Разумеется, каталог Музея дельты в Тулче — последнем селении на твердой земле, из которого отплыл наш корабль, помогает описать зеленушек, галок, рисанок, аистов, цапель, пеликанов, выдр, горностаев, лесных котов, волков, боярышник, шиповник, молочай, иву. В конце концов, Линней причислял к фитологам, то есть к ученым, не только ботаников в строгом смысле слова, но и вызывающих меньшее доверие ботанофилов, включая поэтов, богословов, библиотекарей и смешанные типы. Впрочем, сборник, в котором напечатаны статьи разных авторов, дает лишь краткое описание мира, в то время как мир широко раскинулся вокруг; приходит день, когда библиотечный ботанофил осознает, что, будучи натуралистом по приказу короля, как Бюффон, испытываешь растерянность перед древней матерью-природой, и, пытаясь описать бег зайца подобно французскому ученому, ты вынужден сделать пространное отступление о миграции народов в варварскую эпоху.

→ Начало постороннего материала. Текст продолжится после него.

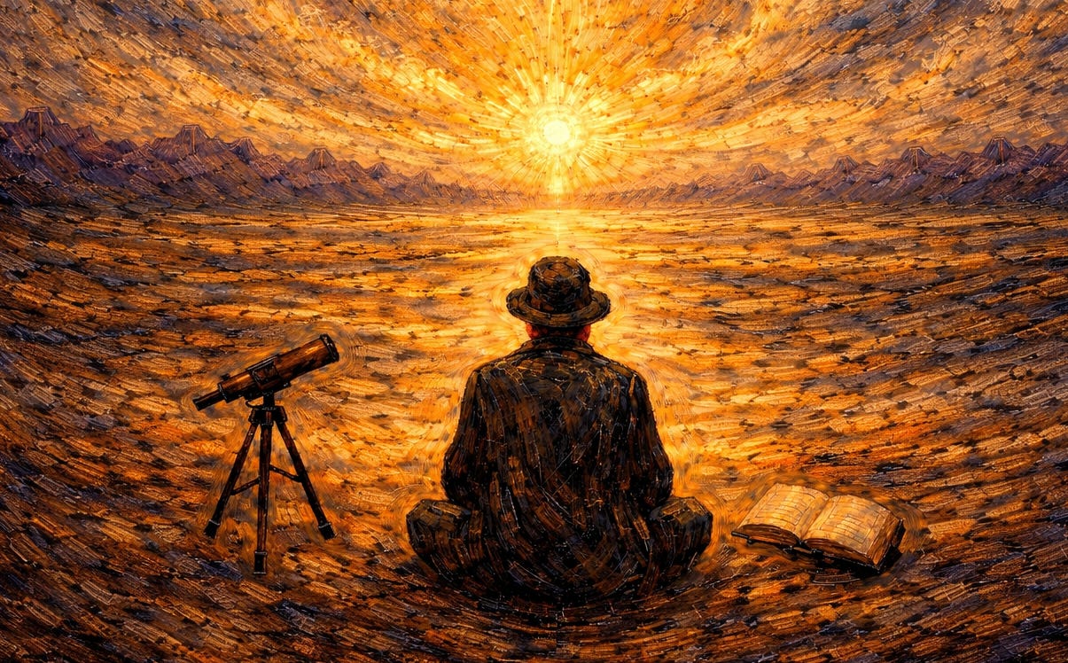 Advaita Vedānta goes further. It suggests that the very separation between observer and observed is an illusion. When that illusion dissolves, what remains is Brahman — not a being, not a deity, not an object of belief, but pure being itself.
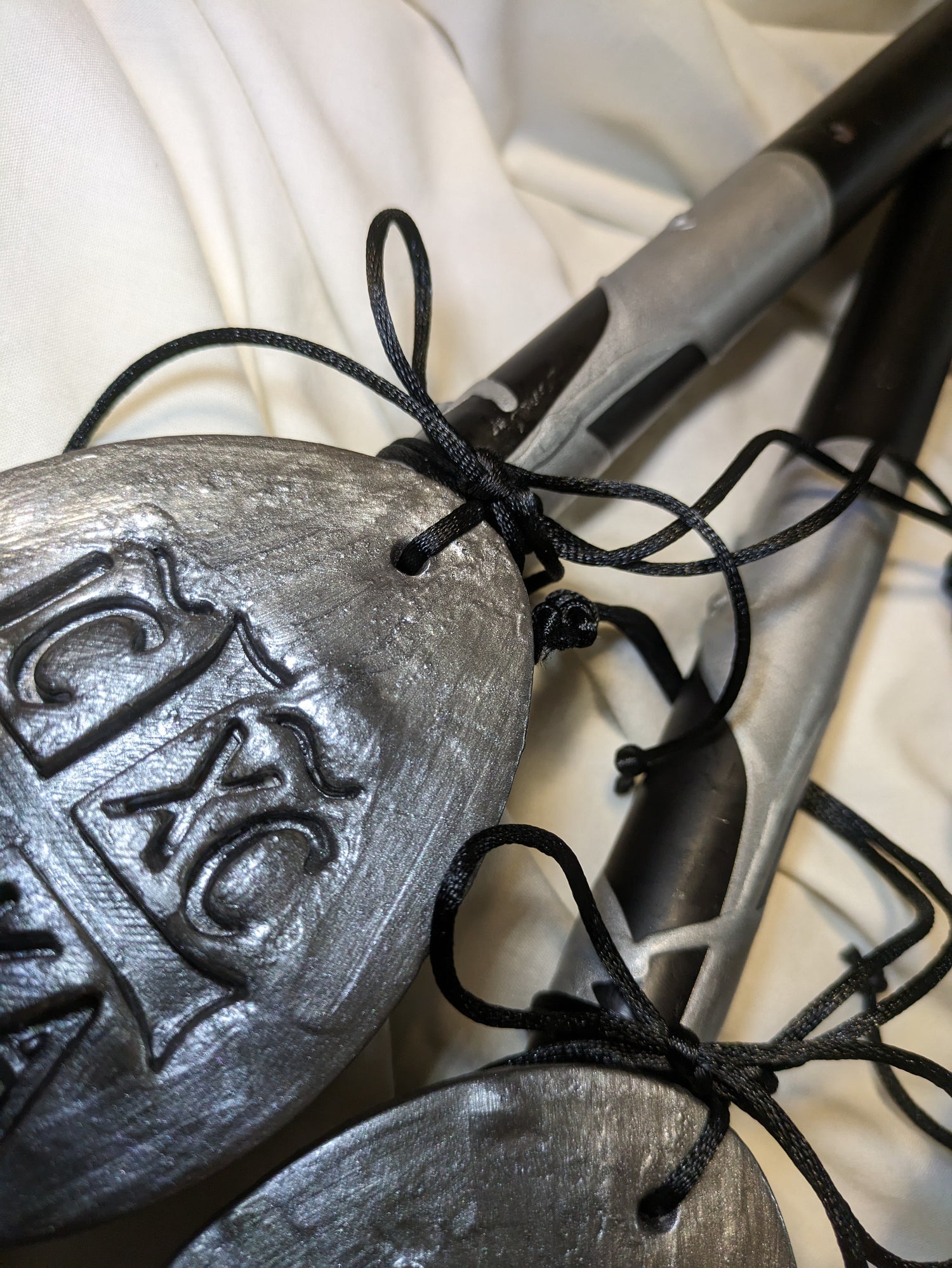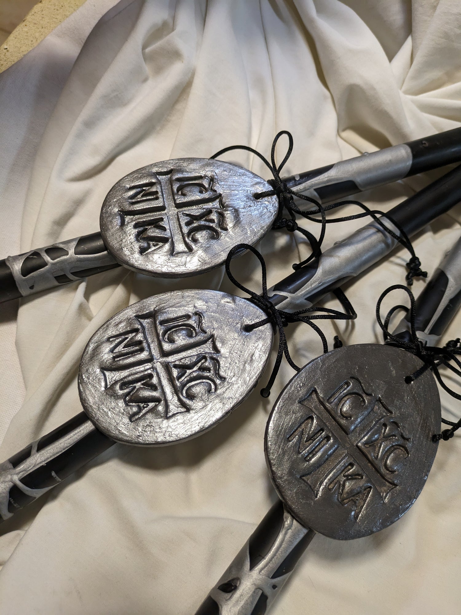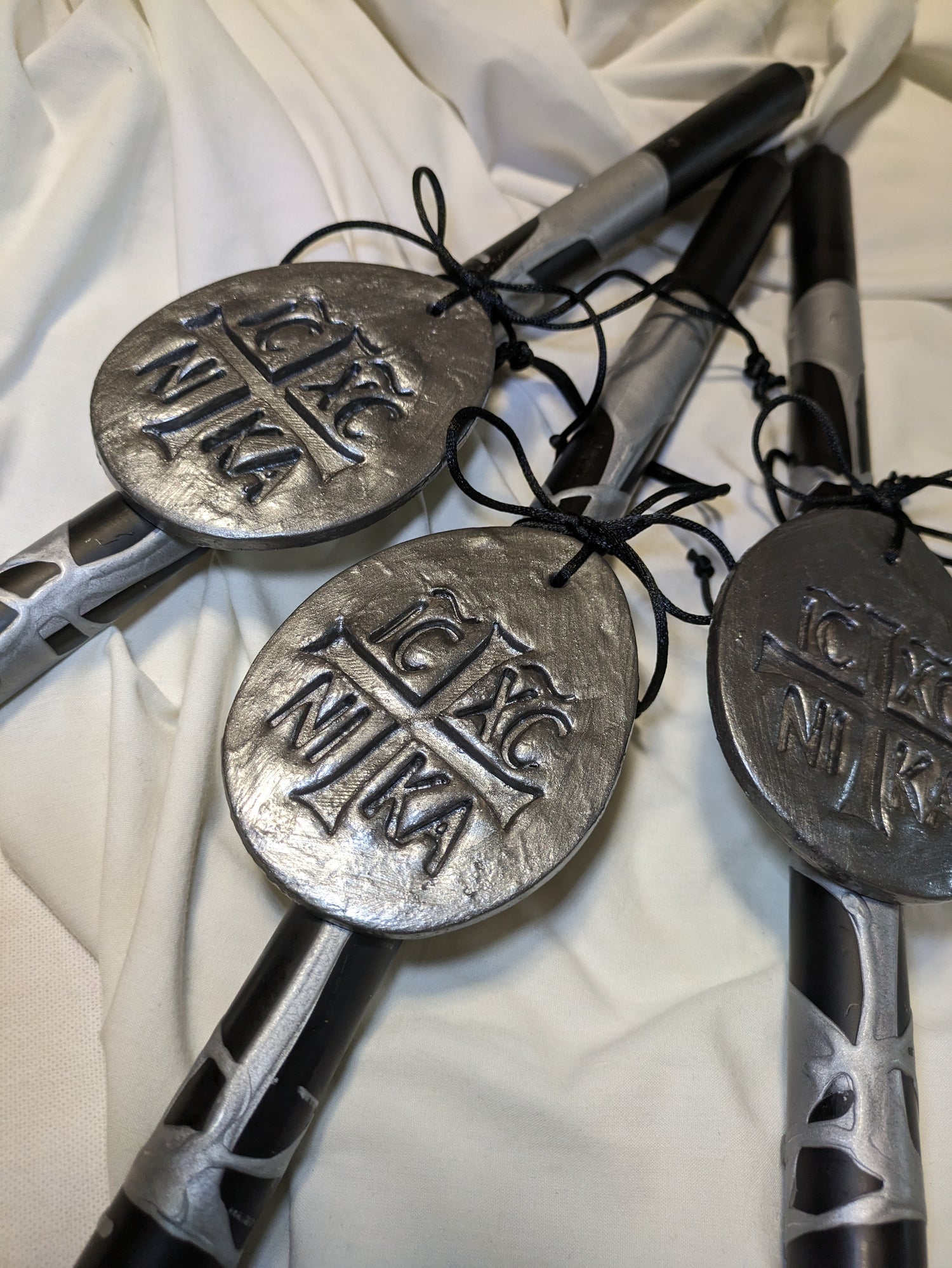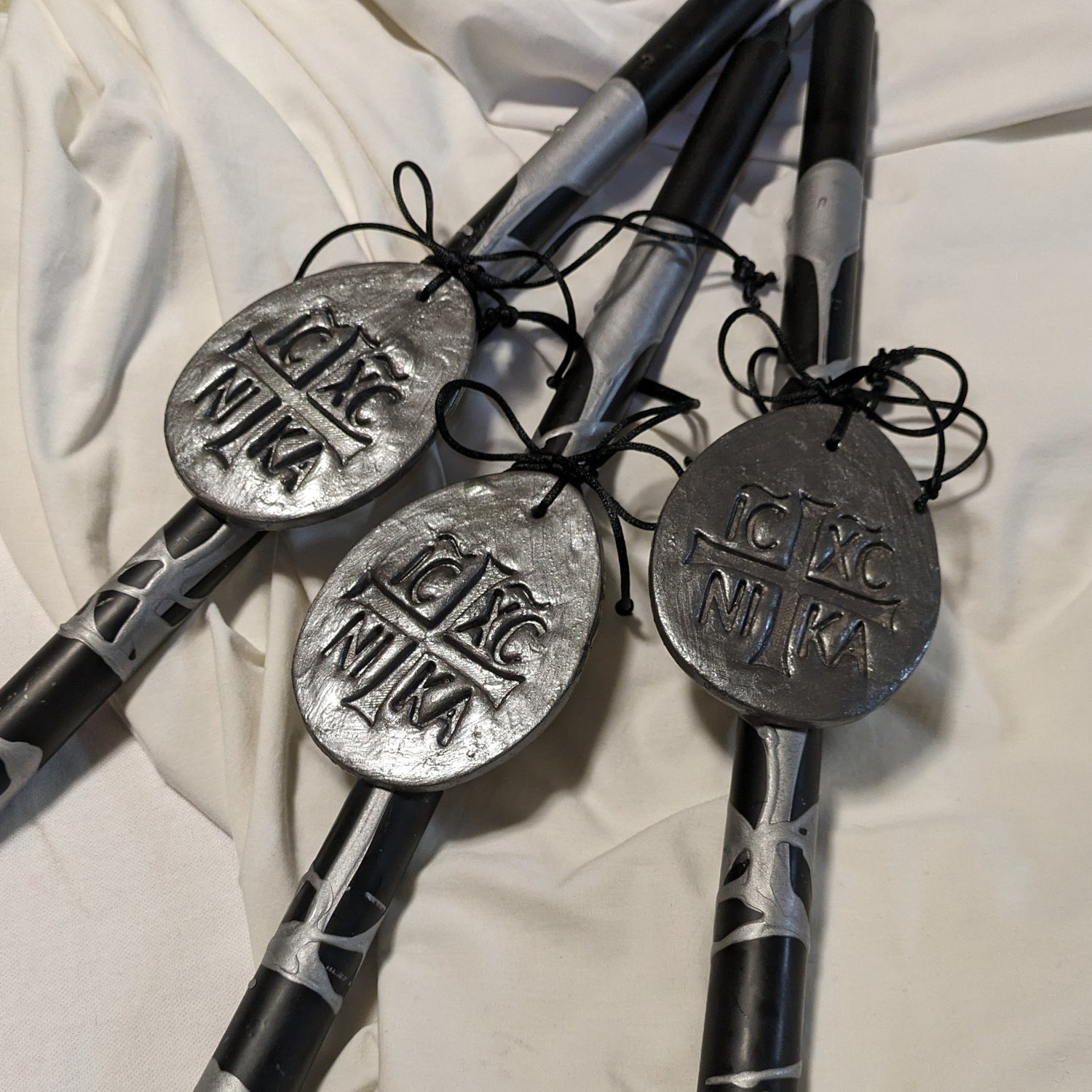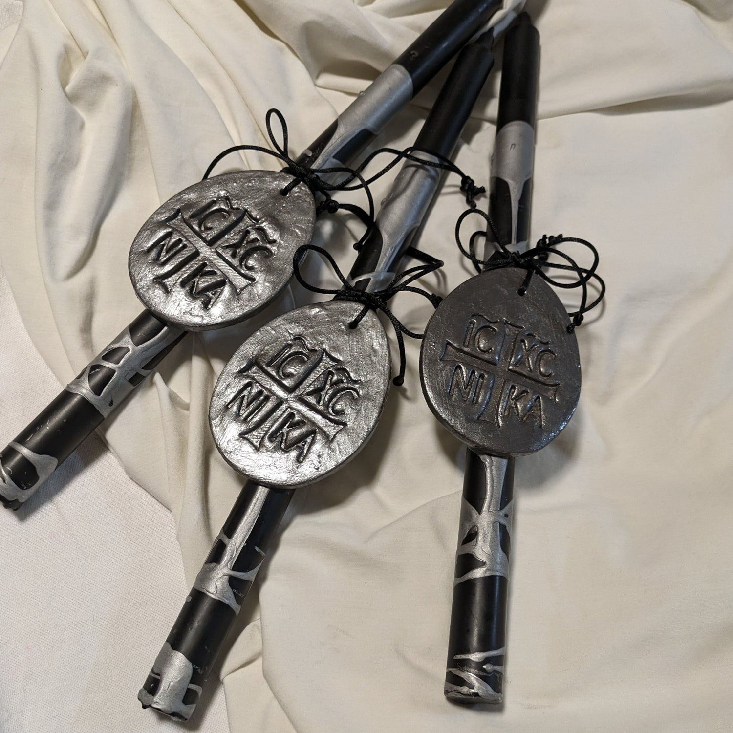 On a black and silver drip candle hangs a handpainted clay egg shaped hanging with the ICXCNIKA stamped into it.

Вчера я побывал в Музее дельты, сегодня я оказался в дельте: запахи, цвета, блики, изменчивые тени на воде, блеск крыльев на солнце, жидкая жизнь утекает между пальцами и, несмотря на праздничное настроение этого дня, когда я стою на палубе корабля, словно описанный Гомером царь на колеснице, вынуждает признать слабость наших органов чувств, атрофировавшихся за тысячелетия: обоняние и слух не способны уловить послания, которые шлет каждый колышущийся куст; мы давным-давно оторвались от этого потока, вышли из братства, отреклись от него; Улисса больше не надо привязывать, морякам больше не надо затыкать уши — пение сирен раздается в ультразвуковом диапазоне, который Его Величество «я» не слышит. В воздухе парит баклан с раскрытым клювом, похожий на доисторическую птицу над первобытным болотом, но огромный хор дельты, его постоянный, низкий гул для наших ушей — тихое бормотанье, голос, который нам не разобрать, шепот жизни, что проходит мимо, не будучи услышанной, оставляя позади нас — людей со сниженным слухом.
Виноват в этом не Дунай, который здесь убедительно доказывает, что не вытекает из сказочного крана в окрестностях Фуртвангена, а тот, кто перед сверканьем и музыкой здешней воды ощущает потребность ухватиться за вздорную гипотезу (хотя бы ради того, чтобы с возмущением ее развенчать), лишь бы порассуждать о капающем кране и не прислушиваться к пению реки. Наверное, и судовой журнал, заполненный скорее сантехником, чем Улиссом, в этом месте дает течь и начинает тонуть, вместо того чтобы скользить по волнам быстро и уверенно, как лодочки, которые умеет мастерить Николай из коры и бумажек. Как известно, книги — жанр, в котором риски надежно покрыты, литературное общество — предусмотрительная страховая компания, редко бывает так, чтобы поэтическая катастрофа не была хорошо застрахована. Но чтобы со спокойной душой вести заметки на корабельной палубе, среди меандров дельты, нужно вписать морскую статью all risks, предусматривающую все возможные риски, в том числе частные аварии, обрыв крюков, контакт с перевозимыми заражающими веществами, кражу, повреждение, недоставку, растекание, поломки и/или потери.
День великолепен, корабль блуждает по речным рукавам, словно зверь. В старой дельте, если двигаться в сторону Килии, ил постепенно сменяется сушей, нечто податливо уходящее вниз уступает место почве, на которой можно строить, сажать растения, собирать урожай; рукава и каналы образуют дельту внутри большей дельты, ивы и тополя торчат на косах над зарослями ежевики и тамариска, крупные белые и желтые кувшинки лежат на воде, похожие на изображения окруженных первозданным океаном земель на старинных картах мира; рядом с советской границей расположена Старая Килия (греческая колония, генуэзский товарный порт; в XIV веке нотариус Антонио ди Понцо писал, что здесь торгуют коврами, вином, солью и двенадцатилетними рабынями, а XVII веке монах Никколо Барси утверждал, что здесь вылавливают в день по две тысячи осетров) — над городом возвышаются башни церкви, поразившие рыбаков-липован, как рассказано в романе «Бескрайняя река», написанном в 1930-е годы Оскаром Вальтером Чизеком.